Он задрал исподнюю рубашку к носу и в ней тоже уловил пожар, сорвал ее с себя, а потом склонился понюхать штанину. Распустил ремень, тот упал в комнату боязливым змеиным языком, и выпнулся из брюк, швырнул их через всю комнату к остальной одежде, к чертям, ничего нахер чистого в этом доме, и вот уж двигался уверенно, теперь шторы у него на виду, в них он тоже учуял гарь, шторы – первое, что сшила Эскра, когда только въехали они в этот дом, темно-красный бархат сорвал он, выдрав штангу из стенки, метнул туда же, к одежде. Далее приложился лицом к стене и уловил гарь в обоях, поскреб их ногтями, развернулся, из выдвижного ящика в шкафу достал нож. Подсунул лезвие в стыке и принялся срезать обои, смотрел, как отстают они полосами, те падают на пол, жалкие, и нет уж в них тугой жизненной силы, и тут позади себя услыхал крик Эскры. Она стояла в дверях, прозревала, что стал он безумен, человек едва ли не голый, помешательство в его повадках, какого она прежде не видывала, а когда обернулся и глянул на нее, она увидела, что глаза его сузились до незрячих, увидела нож у него в руке, и подошла к нему, и вытянула руку, и забрала нож, и показалось ей тогда, что он пробудился от какой-то грезы, подался к ней, пал, словно дитя, к ней в объятия.
Она обнимала его, и водила рукою по проволочно-темным волосам, и видела в нем мальчишку, какого держала на руках, видела полно и ясно всю меру тревоги его. Когда успокоилось его дыхание, она отвела его наверх, и усадила его на кровать, и смотрела, как он свертывается по-детски, пошла к шторам, их сдвинула. Голос его тих в комнате. Просто я так устал, сказал он. Она села в кресло и смотрела, как он засыпает, свет дневной протискивался в щель между штор, высвечивая дагеротип медузы на стене, тогда как остальная комната сделалась океаном неосвещенных глубин, словно внутренний пейзаж его ума, за который она опасалась. Как состарился он за последнее время, она видела, как темь волос его начала белеть по бокам, и ей стало казаться, что еще больше борозд проскребла жизнь у глаз его. Прежде чем оставить спальню, склонилась к нему и увидела в сумраке, что теперь борозды те размягчились, словно лишь во сне обретал он отдохновенье.
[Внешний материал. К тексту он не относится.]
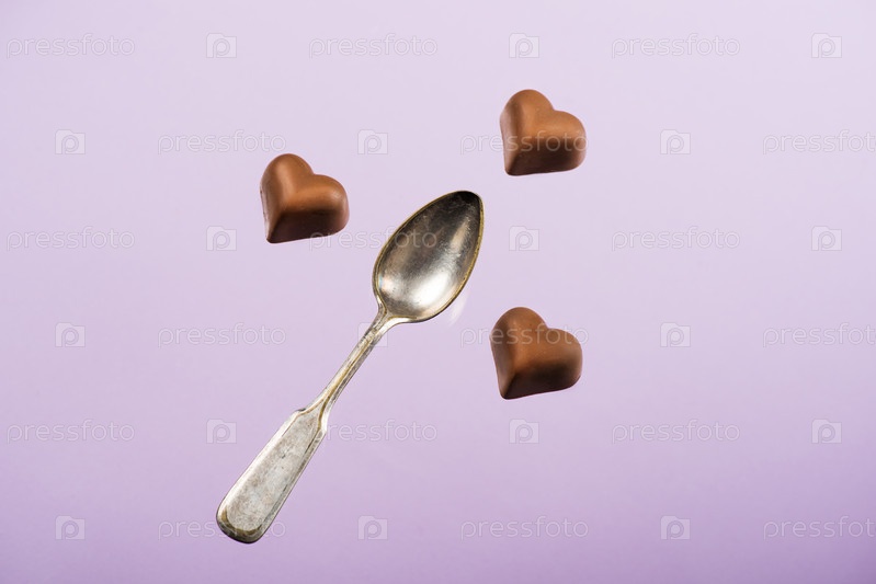 Вид сверху шоколадных конфет и ложки
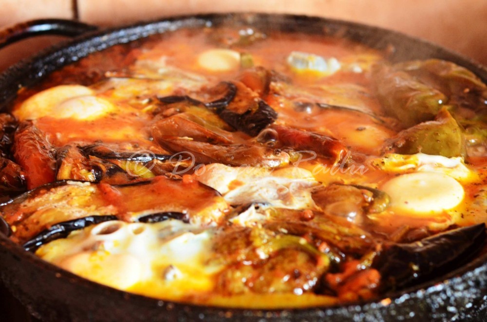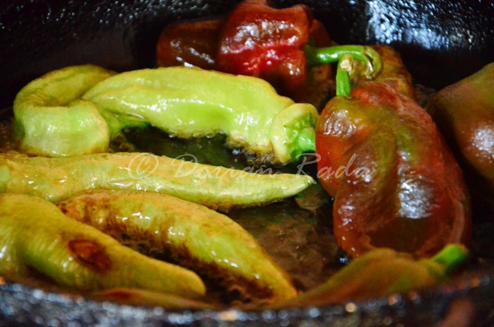 Ardeii ideali sunt cei capia verzi, dar se pretează toată familia ardeilor, inclusiv câțiva iuți dacă vă plac. Una din savorile acestei mâncări este dată de prăjirea ardeilor întregi, cu tot cu cotor, în ulei încins. Poate este mare tentația de a curăța cotoarele dar vă recomand sa nu vă atingeți de ele, stau foarte bine acolo unde sunt. Un alt ingredient tradițional este oul (ouăle) adaugat spre sfârșit sub formă de ochi. Practic este elementul care aduce proteina în mâncare. Este opțional, se poate și fără ouă, este la fel de gustoasă.
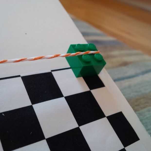 Colocar los ladrillos de lego de 2 x 2 para proporcionar cierta tensión y altura a la cuerda, por la imagen.
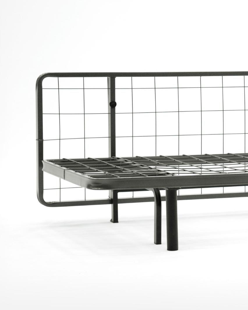 Madrassens inderbetræk er lavet af overskydende stof, og for at sikre nem genanvendelse er den konstrueret uden lynlåse og madrassen fastgøres til stellet med et bånd lavet af stofrester.
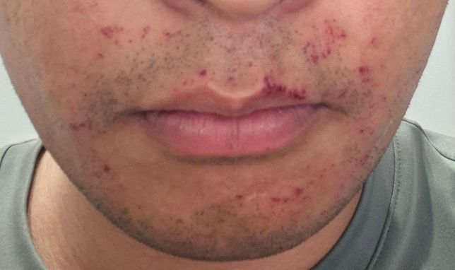 - 기타 고민상담고민상담Q. 수염을 제모하려다가 이렇게 됬습니다.어제 제모크림을 바르고 수염을 제모하다가 아래처럼 상처가났는데 어떻게 해야하나요?제모크림이라 수염은 제거가 되긴되는데 상당히 화끈거리고 빨개지더군요어제밤까지는 상당히 화끈거리고 따가웠는데 오늘아침부터 현재까지는 괜찮습니다문제는 사진에 나온 저 상처입니다저 상처 혹시 자연적으로 없어질까요?
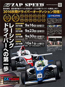 公式選手権レースで最多勝利数、最多タイトル獲得数を誇るZAP SPEEDのオーディションが開催される。 2015年度スーパーフォーミュラチャンピオンの石浦宏明選手もこのオーディションがフォーミュラの第一歩でした。
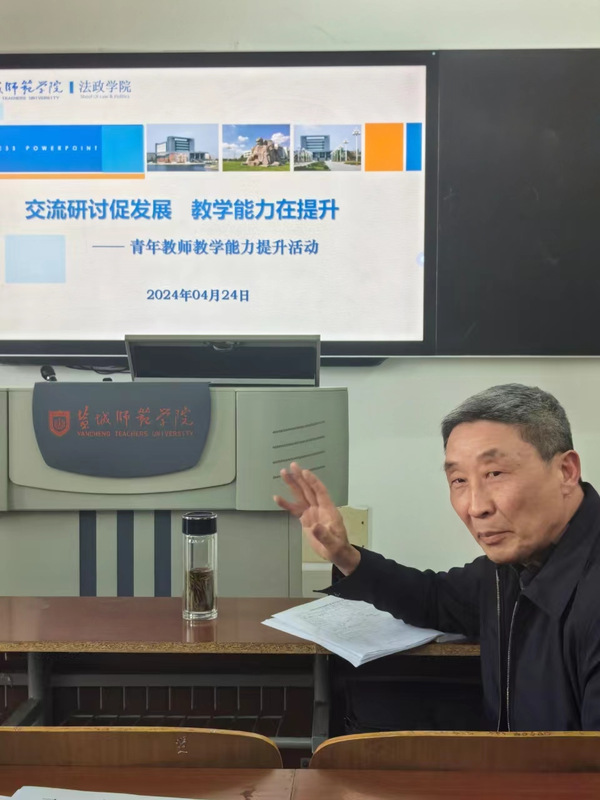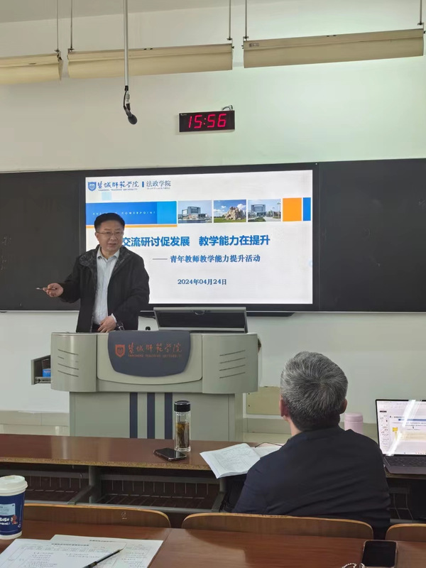 为扎实推进本科教学审核评估工作,提高青年教师教学能力4月24日,法政公司在公共教学楼B211开展新教师教学能力提升活动。公司特邀校级督导丁大晴教授参加活动,经理朱广东、副经理唐萍、周丽、系主任葛伟及全体教师参加活动。活动由副经理周丽主持。
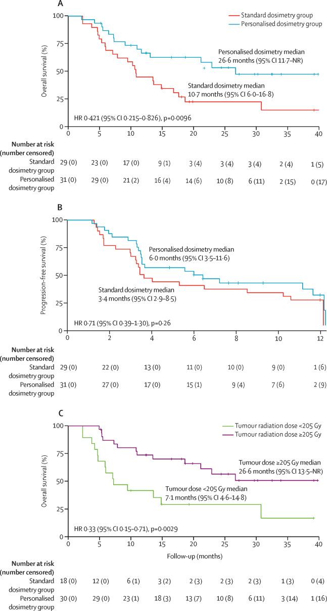 Personalized dosimetry showed higher median overall survival (26.6 months for vs. 10.7 months)
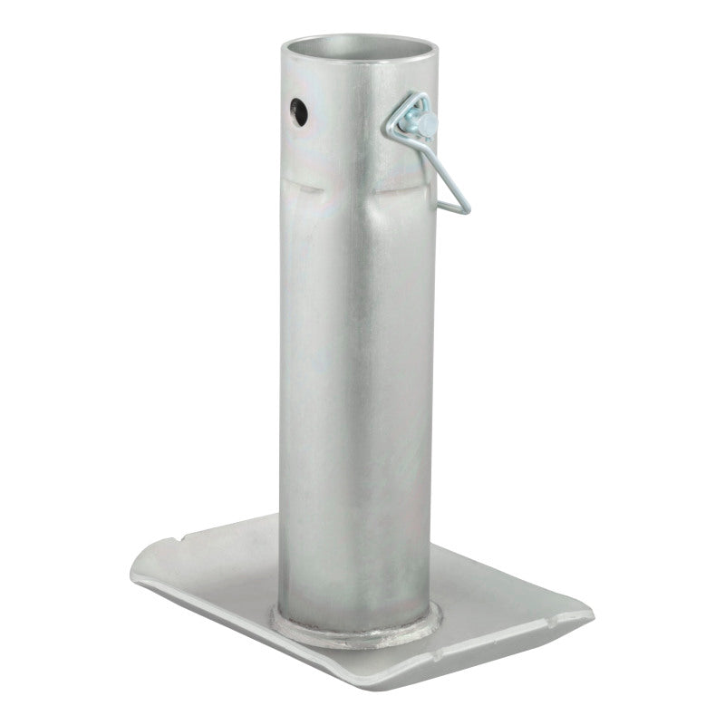 In our goal of being your best source for all things towing, the CURT line of trailer jacks is designed with care and manufactured with pride. CURT jacks are made with quality to promote the life and function of your trailer, and they come in several different styles to accommodate your needs, whether you are a frequenter of the boat landing, the campground, the racetrack or the field. Add stability and support to your trailer jack and trailer with a CURT jack foot. This hardy steel jack attachment features a simple safety pin mounting system and can be used on a number of CURT jacks and many competitive models. It measures 8-1/2" tall, has a weight capacity of 2,000 lbs. and is designed for 2" diameter tubes. It does not matter what kind of trailer you tow -- a boat trailer, utility trailer, livestock hauler or recreational vehicle trailer -- if you have a receiver-style trailer, you will want a jack that complements its function. For a trailer jack that will not steer you wrong, CURT has the answer.
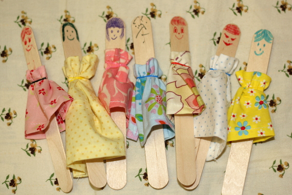 Мистер Умелец или Очумелые ручки (поделки, аппликации, интересные находки, идеи и задумки)Куколки на основе медицинских шпателей и кусочков ткани )))) Рисовать я вообще не умею, поэтому лица у них такие разные и странные. Среднюю Катюшка сама рисовала, очень гордится этим.

Позднее солнце спряталось, а мраморно-серые небеса испустили настойчиво дождь. Она видела, как пятнает он каменные плиты и отскакивает от них, смотрела сквозь бельма дождя на горы, где мазок света осмелел и все под собою, что было тусклым и бурым, сделал сверкающим. Принесла ему овощного супу и чаю, и он сел, подперев поясницу подушкой. Она раздвинула шторы и устроилась на постели, увидела в глазах его особенный взгляд. Он подался к ней и откашлялся. Я не хотел, сказал он.
Надо показать тебя врачу.
Я все еще чуял его, Эскра.
Чуял что, Барнабас?
Пожар.
Барнабас, весь запах ушел. Ничего от него не осталось. Я мыла, как чернавка. Ветер унес запах прочь.
Я чуял его на одежде. В само?й ткани. Я хочу все это повыбросить, Эскра.
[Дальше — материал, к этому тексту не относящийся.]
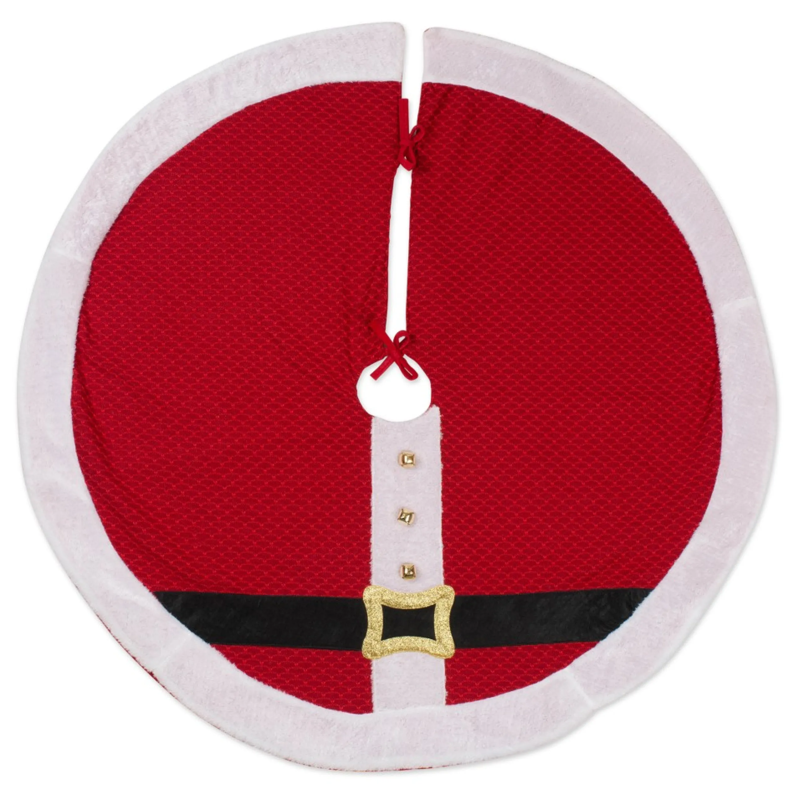 48 Inch And Smaller*Contemporary Home Living 42″ Red And White Santa Belt Themed Round Christmas Tree Skirt
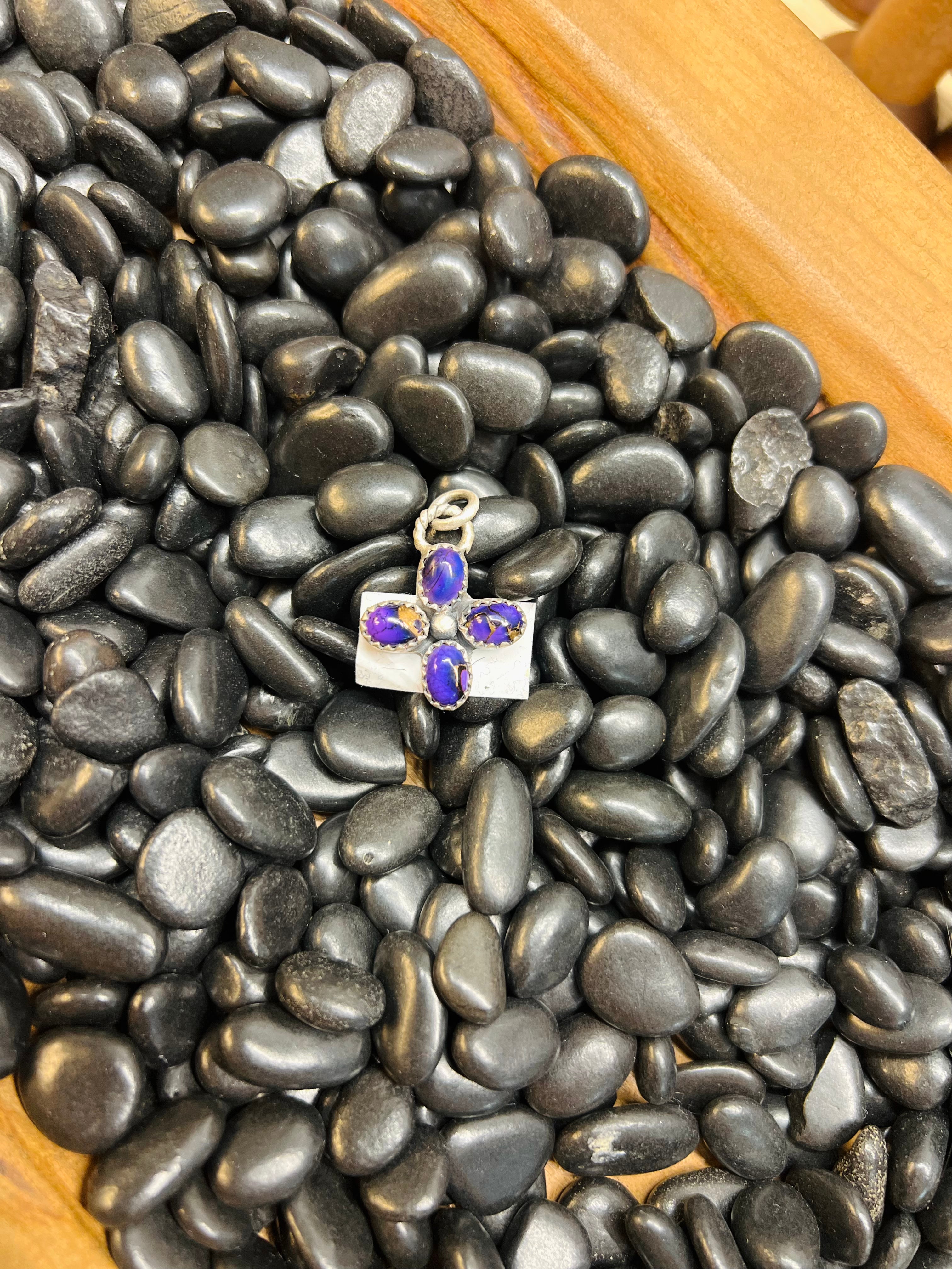 The Purple Mojave Pendant features a unique blend of rich purple hues set in sterling silver. This combination not only enhances aesthetic appeal but also ensures durability. The pendant's high-quality materials make it suitable for various occasions, complementing both casual and formal attire.

Та одежда вся стирана дочиста. Не чуял ты вчера ничего от этой же одежды, когда в ней ходил. Откуда теперь взять деньги на новую?
Он отпил чай и скривился.
Что сейчас тебе не так? спросила она.
Чай едва теплый.
Она покачала головой, заговорила. Может, пошло б на пользу, если б ты занялся чем-нибудь, Барнабас. Приготовься к той поре, когда получим страховку. Выбирайся из хмари своей. Человеку естественно унывать после того, что случилось. Но столько всего тут надо поделать. Надо опять раскачаться.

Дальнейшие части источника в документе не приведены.